When I need to do such a join, I import the data from the SqlServer using sqoop.

I wanted to know, if there is a way in which hive will import the data on demand, according to the query, for example, if I am selecting from a table that hive recognizes as a SqlServer table, it will import that table or(update if already exists) from sqlserver, and later will run the select...


Thanks,
Guy Doulberg


RE: RDBS and Hive

Posted by Guy Doulberg <Gu...@conduit.com>.
Thanks Andrew,

I would really like to try the patch...




From: Andrew Wilson [mailto:awilson@conductor.com]
Sent: Tuesday, May 31, 2011 6:22 PM
To: user@hive.apache.org
Subject: Re: RDBS and Hive

Yes, here is the ticket: https://issues.apache.org/jira/browse/HIVE-1555?page=com.atlassian.streams.streams-jira-plugin%3Aactivity-stream-issue-tab#issue-tabs<https://issues.apache.org/jira/browse/HIVE-1555?page=com.atlassian.streams.streams-jira-plugin:activity-stream-issue-tab#issue-tabs>

We use it fairly regularly in production and it works well.
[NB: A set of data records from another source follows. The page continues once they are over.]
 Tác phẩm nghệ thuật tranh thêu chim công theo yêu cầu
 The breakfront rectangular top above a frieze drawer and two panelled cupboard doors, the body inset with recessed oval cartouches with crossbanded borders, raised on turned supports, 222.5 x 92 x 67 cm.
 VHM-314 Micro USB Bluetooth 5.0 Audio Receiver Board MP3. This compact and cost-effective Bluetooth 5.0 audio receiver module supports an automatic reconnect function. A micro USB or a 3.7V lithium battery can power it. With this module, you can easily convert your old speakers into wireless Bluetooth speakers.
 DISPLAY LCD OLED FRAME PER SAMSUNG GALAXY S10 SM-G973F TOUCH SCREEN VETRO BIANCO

I will try to get a patch uploaded soon.

On May 31, 2011, at 11:02 AM, Edward Capriolo wrote:


There is a ticket open for a JDBC storage handler. I envision this as a sqoop on demand.

Edward
On Tue, May 31, 2011 at 8:31 AM, Guy Doulberg <Gu...@conduit.com>> wrote:
Hey friends,

I have been using Hive to explore my HDFS for a while now.
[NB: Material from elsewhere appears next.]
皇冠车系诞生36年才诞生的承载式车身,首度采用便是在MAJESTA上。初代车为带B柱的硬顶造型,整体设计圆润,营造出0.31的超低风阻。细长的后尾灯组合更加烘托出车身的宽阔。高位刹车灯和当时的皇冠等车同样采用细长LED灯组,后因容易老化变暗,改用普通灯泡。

In my organization we have some applicative information in SqlServer that occasionally I need to join with data I have in the HDFS.

When I need to do such a join, I import the data from the SqlServer using sqoop.
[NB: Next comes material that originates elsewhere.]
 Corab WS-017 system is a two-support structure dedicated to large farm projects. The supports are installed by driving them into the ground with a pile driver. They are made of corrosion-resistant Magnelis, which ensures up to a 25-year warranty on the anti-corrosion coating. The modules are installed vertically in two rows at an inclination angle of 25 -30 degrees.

I wanted to know, if there is a way in which hive will import the data on demand, according to the query, for example, if I am selecting from a table that hive recognizes as a SqlServer table, it will import that table or(update if already exists) from sqlserver, and later will run the select...


Thanks,
Guy Doulberg




Re: RDBS and Hive

Posted by Andrew Wilson <aw...@conductor.com>.
Yes, here is the ticket: https://issues.apache.org/jira/browse/HIVE-1555?page=com.atlassian.streams.streams-jira-plugin%3Aactivity-stream-issue-tab#issue-tabs<https://issues.apache.org/jira/browse/HIVE-1555?page=com.atlassian.streams.streams-jira-plugin:activity-stream-issue-tab#issue-tabs>

We use it fairly regularly in production and it works well. I will try to get a patch uploaded soon.
<https://issues.apache.org/jira/browse/HIVE-1555?page=com.atlassian.streams.streams-jira-plugin:activity-stream-issue-tab#issue-tabs>
On May 31, 2011, at 11:02 AM, Edward Capriolo wrote:

There is a ticket open for a JDBC storage handler. I envision this as a sqoop on demand.

Edward

On Tue, May 31, 2011 at 8:31 AM, Guy Doulberg <Gu...@conduit.com>> wrote:
Hey friends,

I have been using Hive to explore my HDFS for a while now.

In my organization we have some applicative information in SqlServer that occasionally I need to join with data I have in the HDFS.

When I need to do such a join, I import the data from the SqlServer using sqoop.

I wanted to know, if there is a way in which hive will import the data on demand, according to the query, for example, if I am selecting from a table that hive recognizes as a SqlServer table, it will import that table or(update if already exists) from sqlserver, and later will run the select…


Thanks,
Guy Doulberg




Re: RDBS and Hive

Posted by Edward Capriolo <ed...@gmail.com>.
There is a ticket open for a JDBC storage handler. I envision this as a
sqoop on demand.

Edward

On Tue, May 31, 2011 at 8:31 AM, Guy Doulberg <Gu...@conduit.com>wrote:

> Hey friends,
>
>
>
> I have been using Hive to explore my HDFS for a while now.
>
>
>
> In my organization we have some applicative information in SqlServer that
> occasionally I need to join with data I have in the HDFS.
>
>
>
> When I need to do such a join, I import the data from the SqlServer using
> sqoop.
>
>
>
> I wanted to know, if there is a way in which hive will import the data on
> demand, according to the query, for example, if I am selecting from a table
> that hive recognizes as a SqlServer table, it will import that table
> or(update if already exists) from sqlserver, and later will run the select…
>
>
>
>
>
> Thanks,
>
> Guy Doulberg
>
>
>